President Joe Biden and House Republicans have finally agreed on a deal to raise the government’s debt ceiling, including changes to the federal budget in a number of areas. Analysts say the agreement could have only marginal effects on the US economy.
That’s based on various estimates showing that government spending will be only slightly pared back over the two years of the deal, creating a small effect on overall economic output as measured by gross domestic product, including a limited number of job losses.
The US economy is the world’s largest, so the relatively modest effects on growth could be good news for investors who feared the debt ceiling crisis could have posed a greater and more widespread drag.
“The impacts will be negative but small,” Mark Zandi, chief economist at Moody’s Analytics, told CNN. “When you net it all out, it’s a modest headwind to a sluggish economy, but I don’t think it’s the thing that’s going to blow the economy over into a recession.”
Despite the deal’s limited macroeconomic impact, some analysts say it could also usher in a new era of tighter fiscal policy as congressional lawmakers contend with a national deficit that ballooned during the years of the Covid-19 pandemic.
Here’s what’s in the proposed deal and how it would show up in the broader economy.
What’s in the debt ceiling deal
The deal would suspend the federal government’s $31.4 trillion debt limit through January 2025. It would keep non-defense spending relatively flat in fiscal 2024 and then set a cap of 1% in spending increases for fiscal 2025. The US government’s fiscal year runs from October through September.
In addition to curbing spending, the deal would protect veterans’ health care benefits, temporarily broaden work requirements for certain adults receiving food assistance benefits, claw back some Covid-19 relief funds, cut funding for the Internal Revenue Service, restart student loan repayments, maintain climate measures, and expedite a natural gas pipeline in West Virginia.
The Congressional Budget Office is expected to release a detailed analysis of the deal some time this week.
The proposed deal still has to pass through both chambers of Congress and be signed into law by Biden, though financial markets have responded positively and some companies have already seen their stock rise. The US House is on track to vote on the deal Wednesday evening. If the bill passes, a Senate vote is likely as soon as Thursday.
The debt deal and GDP
Economists at Goldman Sachs expect the deal to reduce federal spending by as much as 0.2% of gross domestic product per year over the two years of the deal, compared with their baseline estimate.
“The boost to funding Congress approved late last year for FY23 was so large (nearly 10% year over year) that overall discretionary spending is likely to be slightly higher in real terms next year despite the new caps,” Goldman Sachs economists wrote in an analyst note.
However, Ian Shepherdson, chief economist at Pantheon Macroeconomics, said in a webinar that he expects the deal to reduce GDP growth by about 0.2% in 2024 and by a further 0.1% in 2025, which are “well within the margin of GDP measurement error.”
And Gregory Daco, EY-Parthenon’s chief economist, estimated that the proposed deal would have a 0.3% drag on real GDP in 2024 and lead to 250,000 job losses. The economy had about 161 million filled jobs in April, according to data from the Bureau of Labor Statistics.
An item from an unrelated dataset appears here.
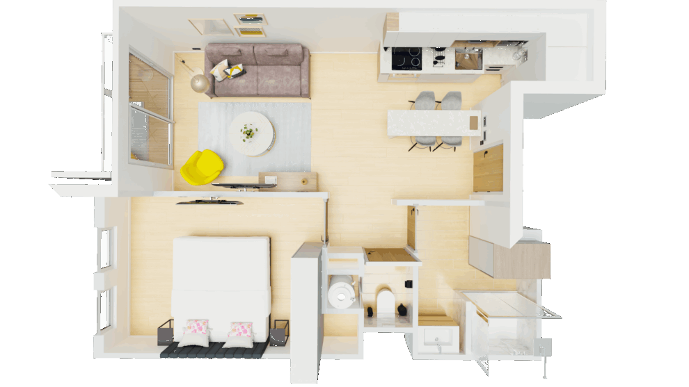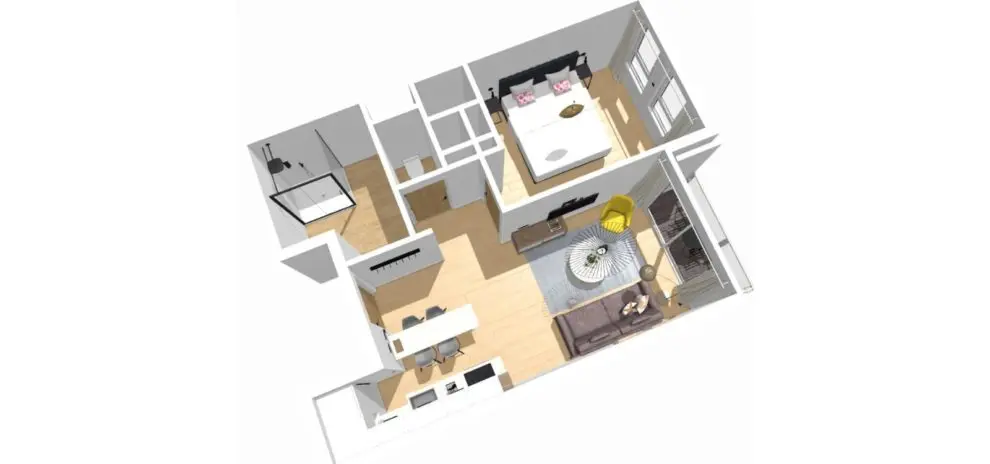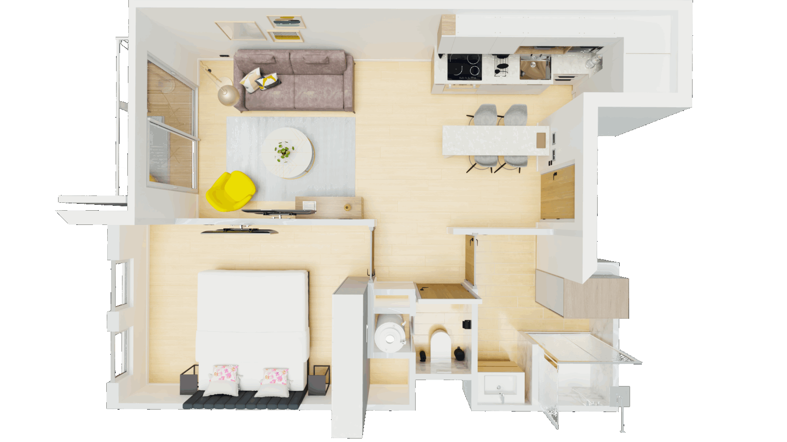 La chambre à coucher offre une parfaite tranquillité avec un lit confortable en180x200cm et des rangements intelligemment intégrés. La climatisation et la TV située face au lit vous offriront un confort supplémentaire. La salle de bains attenante dispose d’une douche à l’italienne et de finitions haut de gamme pour votre confort.

At least for now, the light at the end of tunnel in the form of a debt-ceiling deal seems to have reassured financial markets.
“Getting this uncertainty out of the way for markets and decision makers has a real impact,” said Mike Skordeles, head of US economics at Truist Advisory Services.
The resumption of student loan payments later this year, which was planned even before the debt ceiling drama, would also have a minor macroeconomic impact, since Americans’ savings accounts remain in good shape, along with the labor market holding up for now, Zandi said.
But one analyst said the deal might mark the beginning of an era of austerity, defined as a set of economic policies aimed at controlling debt.
“What we’re seeing in this deal is really just the first step in a series of austerity measures that could be on the horizon to rein in those interest costs that seem to be getting ever larger as we progress through the 2020s and into the 2030s,” Michael Reynolds, vice president of Investment Strategy at Glenmede, told CNN.
“Investors are going to need to sort of grapple with the fact that it’s probably biased lower spending from the federal government going forward. Even accounting for this change, there may be other changes in the pipeline that would further reduced spending.”